Minggu, 31 Maret 2013

Dinasti Politik di Indonesia


Dinasti politik sebenarnya tidak melanggar aturan.


Dinasti politik telah dikenal sejak zaman kerajaan. Pada masa itu, kekuasaan diwariskan secara turun temurun dari ayah kepada anak. Tradisi mewariskan kekuasaan ini terus berlaku dengan menafikan potensi-potensi yang ada, sehingga kekuasaan tetap berada dalam lingkaran keluarga.

Sebagai negara bekas jajahan Belanda yang juga berasal dari kerajaan nusantara, gejala-gejala untuk kembali ke kondisi pada masa pra-Hindia Belanda nampak secara signifikan. Beberapa daerah di Indonesia, satu per satu membangun dinasti kekuasaannya.

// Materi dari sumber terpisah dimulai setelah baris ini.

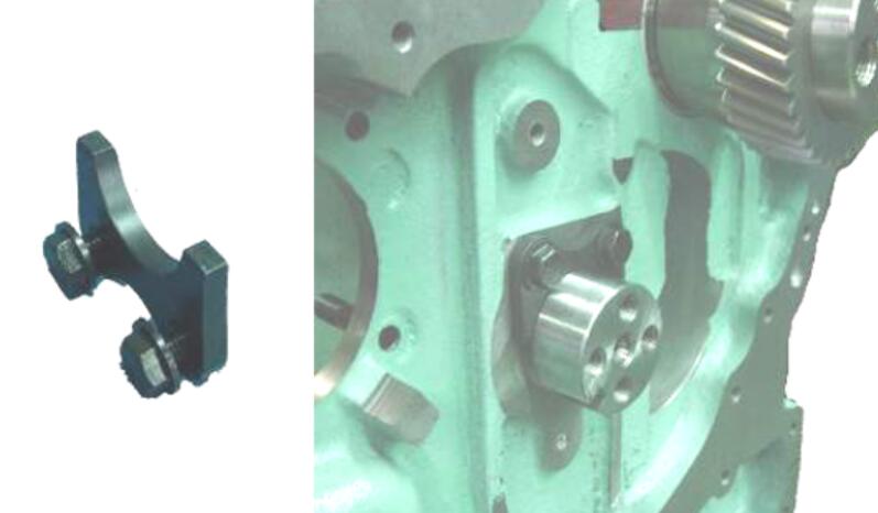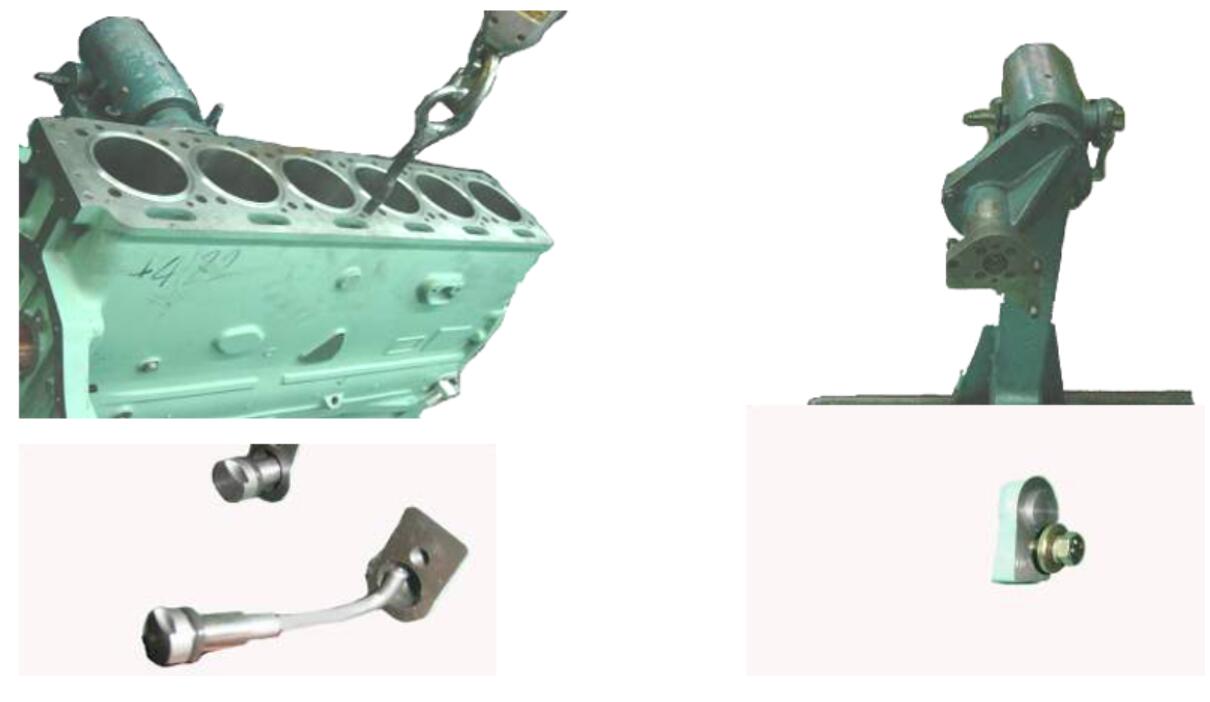 3.8.2 機油泵吸油管固定架,注意放入第五道主軸座上(根據(jù)機 型變化)。用力矩板子把緊,22套頭,把緊時注意

Dinasti politik sebenarnya tidak melanggar aturan, sebagai mana hak warga negara Indonesia untuk memilih dan dipilih adalah jaminan yang diberikan UUD 1945 bagi siapa saja yang maju dalam pemilihan kepala daerah (Pilkada). Meski hal ini mencederai demokrasi dan dipandang kurang patut dan beberapa kalangan kurang setuju dengan dinasti politik, namun kesempatan untuk menghilangkan masyarakat atau kader potensial untuk tampil sebagai pemimpin ini tetap terbuka.

Penyelenggaraan pemilukada mulai ramai diwarnai wajah anak, istri atau kerabat terdekat para petahana. Padahal,Undang-Undang Antikorupsi, Kolusi dan Nepotisme, menyiratkan bahwa dinasti politik sebagai sesuatu yang tabu karena bertentangan dengan semangat anti-KKN dan memberikan peluang terciptanya pemimpin korup yang kemudian menghambat pemberantasan korupsi di Indonesia.

Penegakan hukum di Indonesia, sering tergagap ketika terbentur kepentingan politik atau perkara yang ditanganinya bersentuhan langsung dengan kekuatan politik yang sedang berkuasa. Meski pada kondisi tertentu penegak hukm cukup tegas menghadapi penguasa, namun secara umum tidak demikian dan bahkan terkesan alergi penguasa. Apakah hal ini yang menjadikan dinasti politik sebagai tren berpolitik kaum penguasa?

Penguasa di mana pun, cenderung ingin memiliki kekuasaan lebih lama dan melanggengkan kekuasaan. Namun karena adanya aturan yang membatasi bahwa seseorang boleh menduduki jabatan kepala daerah hanya dua periode, para petahana akhirnya memilih memajukan kerabatnya untuk melanjutkan kekuasaan. Bisa juga karena alasan, bila kerabatknya yang berkuasa maka keburukan yang dilakukannya selama berkuasa akan tertutupi?

Hubungan partai politik pendukung dengan petahana selama ini menciptakan simbiosis mutualisma. Political bargaining menutupi kerugian yang dialami partai politik akibat praktek dinasti politik yang semakin subur di Indonesia. Bila hal ini terus berlanjut, Indonesia baru yang maju dan demokratis makin jauh dari harapan.